▶ **PROMPT**:
Reproduce the lines below exactly, from the one containing "Wayne Norton and" through the one containing "Sempre acompanhada de", both included. Leave out any pictures.

[THE INPUT]

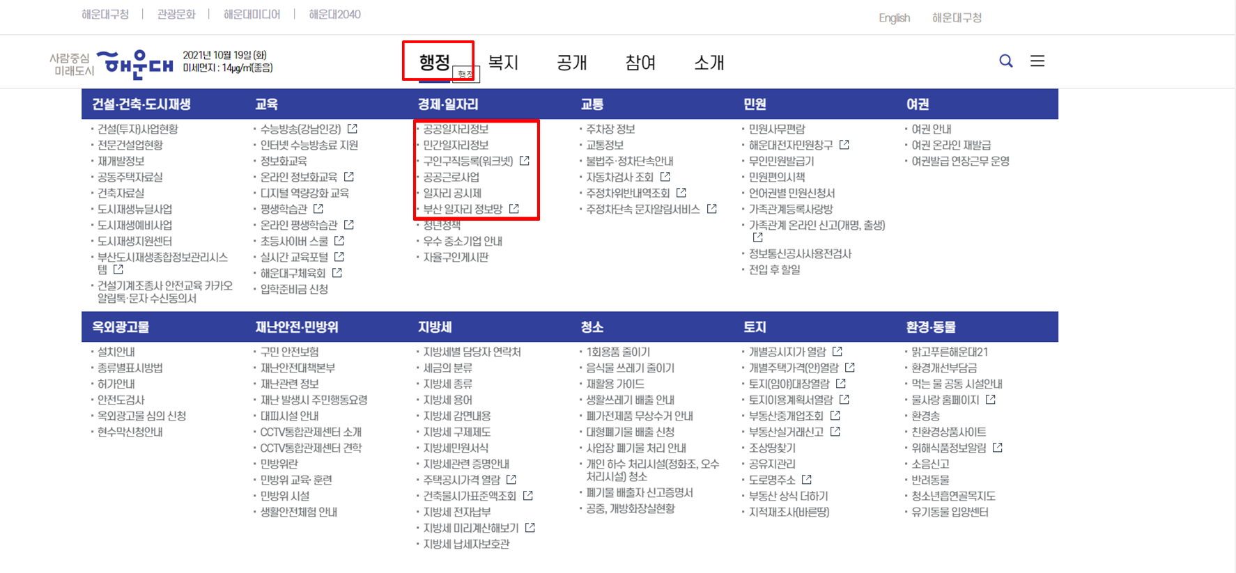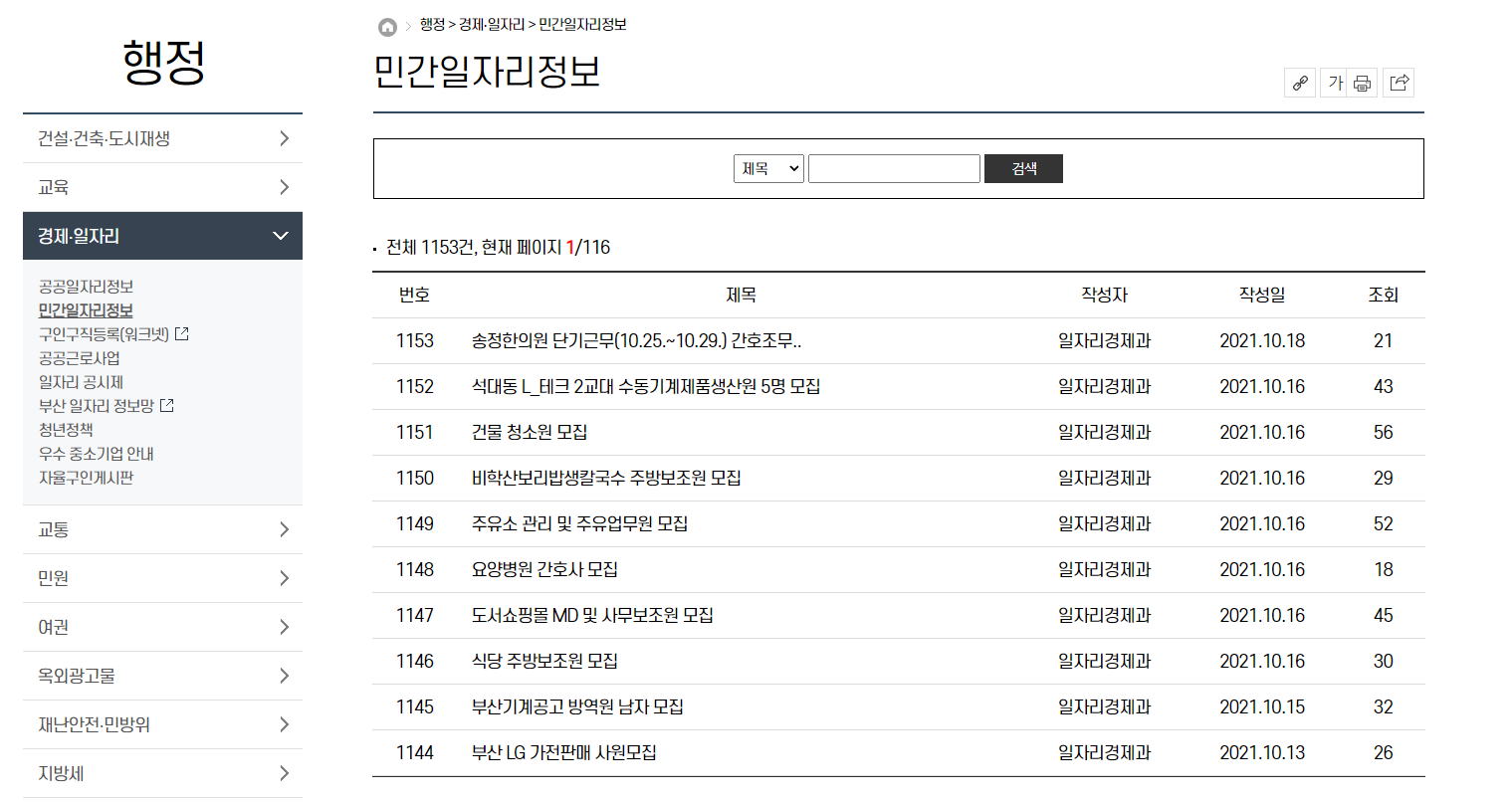 ② 상단메뉴에 행정부분을 누르시면, '경제, 일자리'부문에 민간일자리 정보, 구인구직등록 부분을 선택하세요.
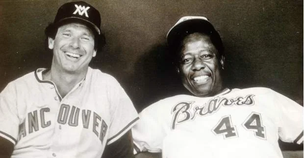 Wayne Norton and Hank Aaron relax during the 1983 Legends Game at BC Place Stadium.
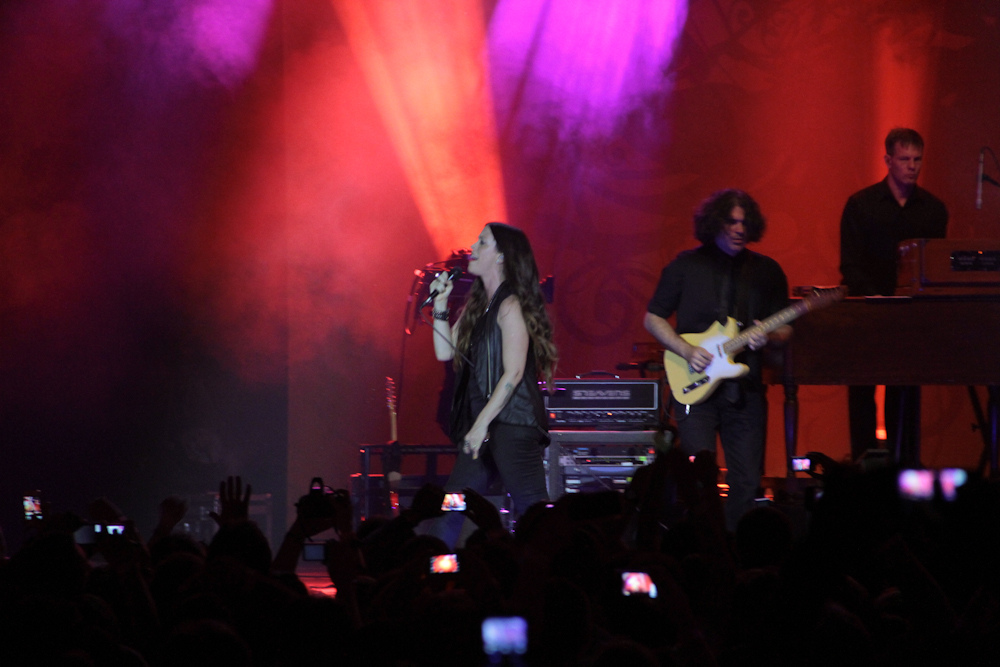 Sempre acompanhada de uma excelente banda, Alanis começou seu show com alguns minutos de atraso, pouco antes do relógio marcar 22h30. Como de costume, ela cantou o primeiro trecho de uma música sua, nesse caso “I Remain”, ainda no backstage, e depois surgiu na frente da plateia para emendar com “Woman Down”. O público, de idade bem variada, de início respondeu timidamente. Porém, em seguida veio “All I Really Want” e “You Learn”, alguns dos primeiros hits de Alanis, e o coro daí em diante se tornou uníssono em vários momentos.
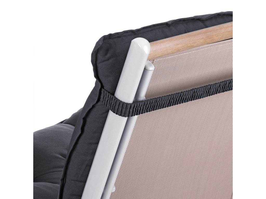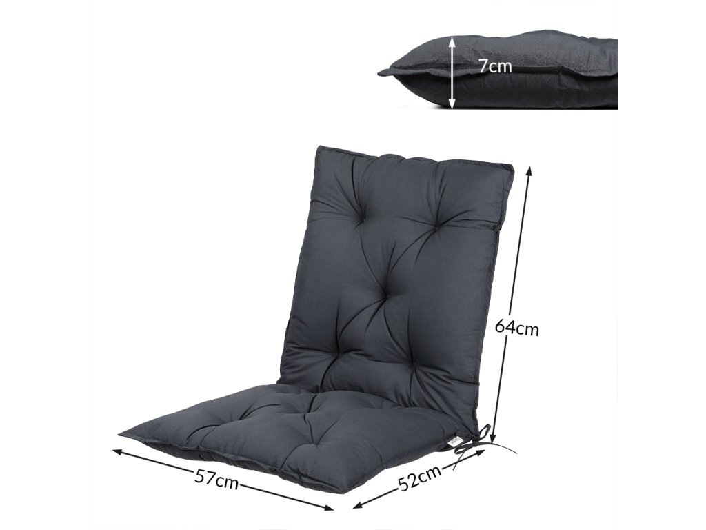 Díky upevňovacím páskům a zadnímu popruhu poduška perfektně drží na svém místě i při častém používání. Elegantní antracitová barva s jemným prošitím vytváří moderní vzhled, který skvěle ladí s různými typy zahradního i interiérového nábytku.
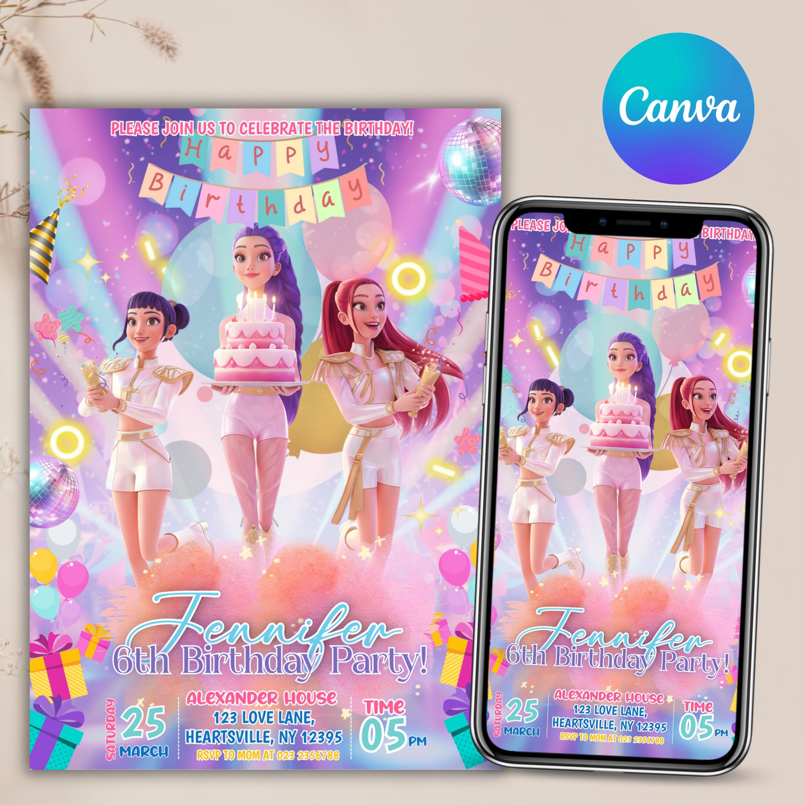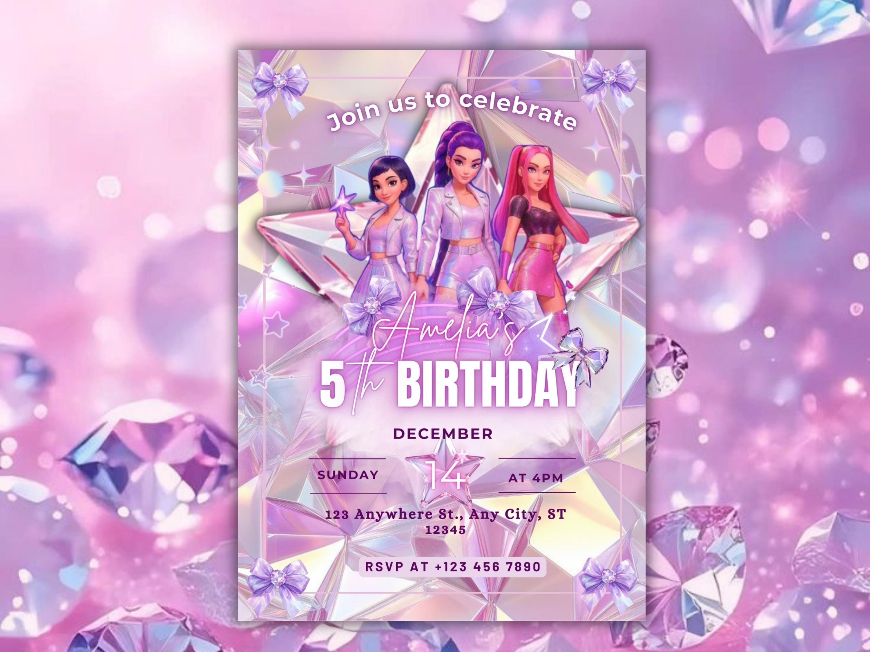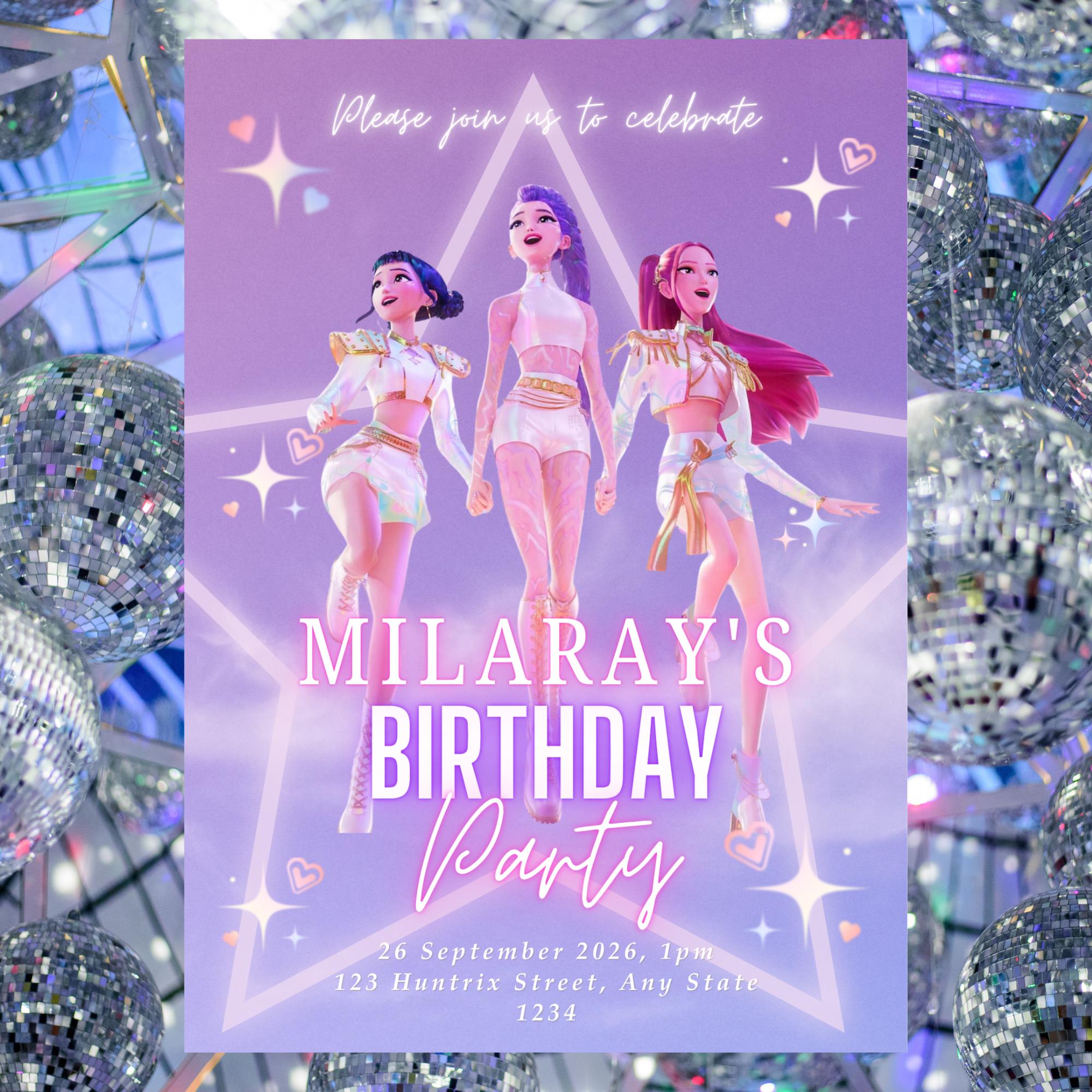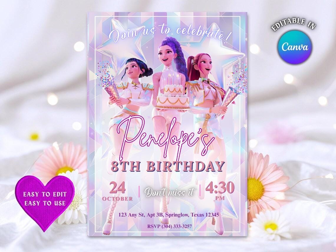 KPOP Demon Hunters Invitation Editable K-Pop Birthday Invitation KP...

[/THE INPUT]

▶ **TASK RESULT**:
 Wayne Norton and Hank Aaron relax during the 1983 Legends Game at BC Place Stadium.
 Sempre acompanhada de uma excelente banda, Alanis começou seu show com alguns minutos de atraso, pouco antes do relógio marcar 22h30. Como de costume, ela cantou o primeiro trecho de uma música sua, nesse caso “I Remain”, ainda no backstage, e depois surgiu na frente da plateia para emendar com “Woman Down”. O público, de idade bem variada, de início respondeu timidamente. Porém, em seguida veio “All I Really Want” e “You Learn”, alguns dos primeiros hits de Alanis, e o coro daí em diante se tornou uníssono em vários momentos.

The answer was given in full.